And we know about this important history because of David Blight, an African American studies professor at Yale University and author of "Race and Reunion."

LX News storyteller Jalyn Henderson caught up with Blight to learn more about this historic event.

Jalyn: This ceremony happened hundreds of years ago. There are very few photos or even documentation of it happening. How and when did you learn about it?

David: "In the 1990's, I was at Harvard University on a fellowship. I was in the library, and I was working in a collection of Union veterans' papers that were not very organized. [The library] turned these boxes over to me and in one of the boxes in a file labeled 'The First Decoration Day,' I found this story. It was written on a large piece of cardboard, probably by an old veteran. And it was recording the story, or part of it, from a newspaper article that had appeared in the New York Tribune in May of 1865. He wrote this extraordinary tale about this parade that occurred on a horse track, a race course in Charleston, South Carolina, led by African American former slaves in early May 1865. And when I first read it, I really could hardly believe it. I thought, 'This is some old veteran making up something.'"

Jalyn: What exactly happened on that day?

David: "According to the press, about 10,000 people were on this old race course, led by Black children and by women and men. They were followed by Union soldiers singing hymns, singing 'John Brown's Body' as they marched, commemorating the nearly 260 Union dead soldiers who had been buried in that gravesite without names. There were other eyewitnesses. Preachers preached. Then they all broke up and went back into the infield of the race track and did what most of us do today. They held picnics, they had speeches, children ran races and so on and so forth. So it was their way of dedicating not only the graves of the dead, but it was also their way of declaring the meaning of the Civil War and declaring a federal Union victory."

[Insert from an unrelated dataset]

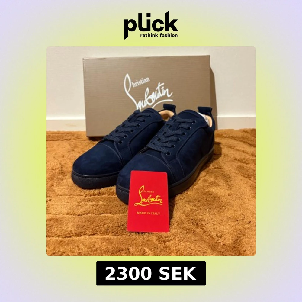 Snygga mörkblå sneakers från Christian Louboutin i mjuk mocka med klassisk röd sula och diskret broderad logga på hälen. Skorna har rund tå, platt sula och snörning framtill. Perfekt för dig som gillar exklusiv stil och detaljer.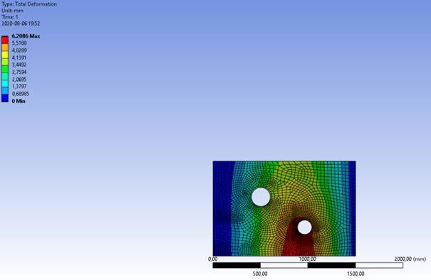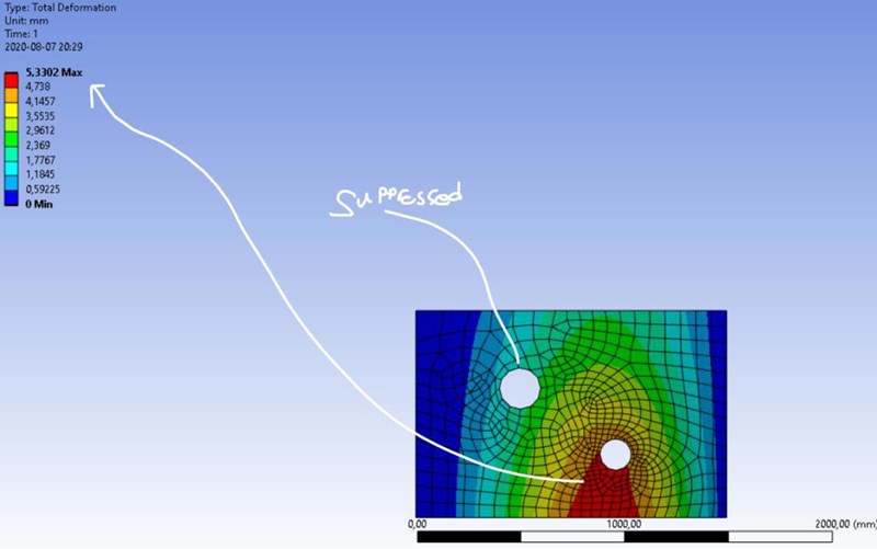 Du har sedan nedböjningen som summan av dessa två. Kontrollera även i ANSYS så att nedböjningsmaximum är vid P2P_{2}. Försök även få en generell bild av vad nedböjningens medelvärde är i ett område runt hålet, detta kan hjälpa dig jämka detta resultat med den analytiska beräkningen.

Jalyn: This sounds like a big event that had a lot of community involvement. Why haven't we heard about it before?

David: "I think it's a classic case of how public collective memory works. This was not a story white Charlestonians wanted to remember. And as we now know, it never died in the kind of community, public memory of Black Charlestonians, but the 'Lost Cause' story took over Southern memory by the end of Reconstruction and through the latter part of the 19th century. The 'Lost Cause' story became so prevalent that this story had no chance of being remembered publicly. It just didn't belong in the same story as all this honoring of the Confederate dead and the honoring of Southern soldiers and the honoring of soldierly value as they conceived it. It's extraordinary, though, to think of how many people actually witnessed it."

Jalyn: Why is it important that we preserve this history?

David: "As a historian, you probably can expect my answer. Everything's worth recording and preserving and keeping because we don't know what it's going to mean 100 years later. We don't know what it's going to mean to subsequent generations. We don't know how the story's going to be shaped and reshaped by new evidence. This first Memorial Day is just a microcosm. You know, it's a classic small example of a sort of remarkable event — let's face it, that just got almost completely lost."